My first fishroom taught me a lot of things, many of those lessons through errors. But I am glad to say if/when I have the chance to do it over again my filtration will most likely stay the same.

Best of luck on your fish room adventure!


----------



## cartman (Oct 15, 2008)

thx for the info Toby - good to get this feedback from more experienced folk such as urself

i'm curious about one comment in particular - how is it you figure you would reduce your overall usage tank space by about a third if you were to plumb each tank directly to the sump?

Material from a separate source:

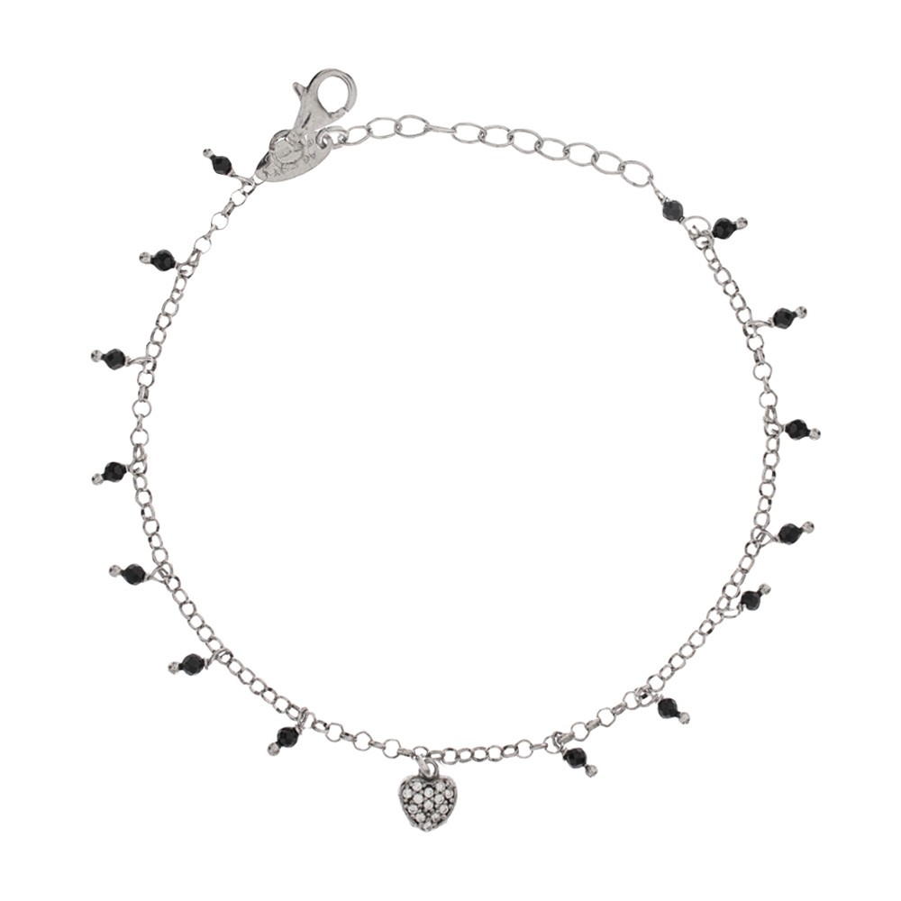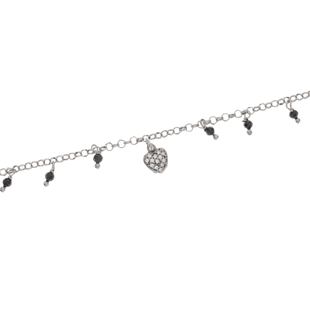 Bracelet with black crystals and heart-shaped pendant with zirconias, Amen jewelry collection.

this will be my first crack at sump filtration and while I reckon I understand it and know what's required (thanks to many hours of trawling this & other forums for information) I'm not sure how u will loose that usage tank space

the next phase of my fishroom adventure starts tomorrow with an 8 hour round trip to get the new 6x2x2 tanks etc :dancing:


----------



## remarkosmoc (Oct 19, 2005)

I have a setup like that at home with 3 tanks, two higher tan the others. Works great. You need to use a pump that is desighed for the appropriate lift. Canisters with pumps inside them are often designed to use the pressure on the incoming line so they won't pump water higher than the tank they are sucking it out of (depends on the model). I tried having an output on my fluvol 405 4' higher than the input and it didn't work so I got a submersible pump instead.

On the output of my pump I run it through some PVC outfitted with gate valves so I can control the flow to each tank.


----------



## Toby_H (Apr 15, 2005)

cartman said:


> i'm curious about one comment in particular - how is it you figure you would reduce your overall usage tank space by about a third if you were to plumb each tank directly to the sump?

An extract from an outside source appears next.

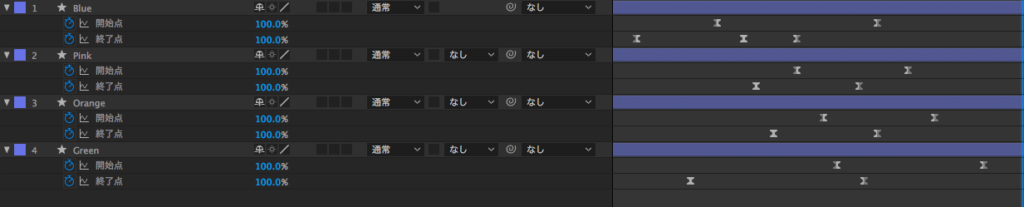 こちらのモーショングラフィックスで難しいと思われるのがタイミングの調整です。先程の項目では青→赤→緑→オレンジの順番に表示させることができたと思いますが、今度はオレンジ→緑→赤→青のタイミングでアニメーションが終わるように調整していきます。

In the 3 tank tiers I pictured above... I use all 3 tanks to house fish... if the bottom tank were a sump, it would house media and not fish... thus reducing it to a 2 fish tank + one sump tier as opposed to a 3 fish tank tier...


----------



## cartman (Oct 15, 2008)

Toby_H said:


> cartman said:
> 
> 
> > i'm curious about one comment in particular - how is it you figure you would reduce your overall usage tank space by about a third if you were to plumb each tank directly to the sump?
> ...


i get that - but the way it was said was like a third was lost due to plumbing each tank directly to the sump RATHER than one through the other then into the sump....i understood it to be say that there was tank space to be lost to plumb each directly to the sump rather than through each other & couldn't understand where the difference is

sounds like I mis-understood the original statement


----------



## John7429 (Apr 12, 2009)

WOW. nice preview!

I didn't read all the replies but... sump is the way to go!


----------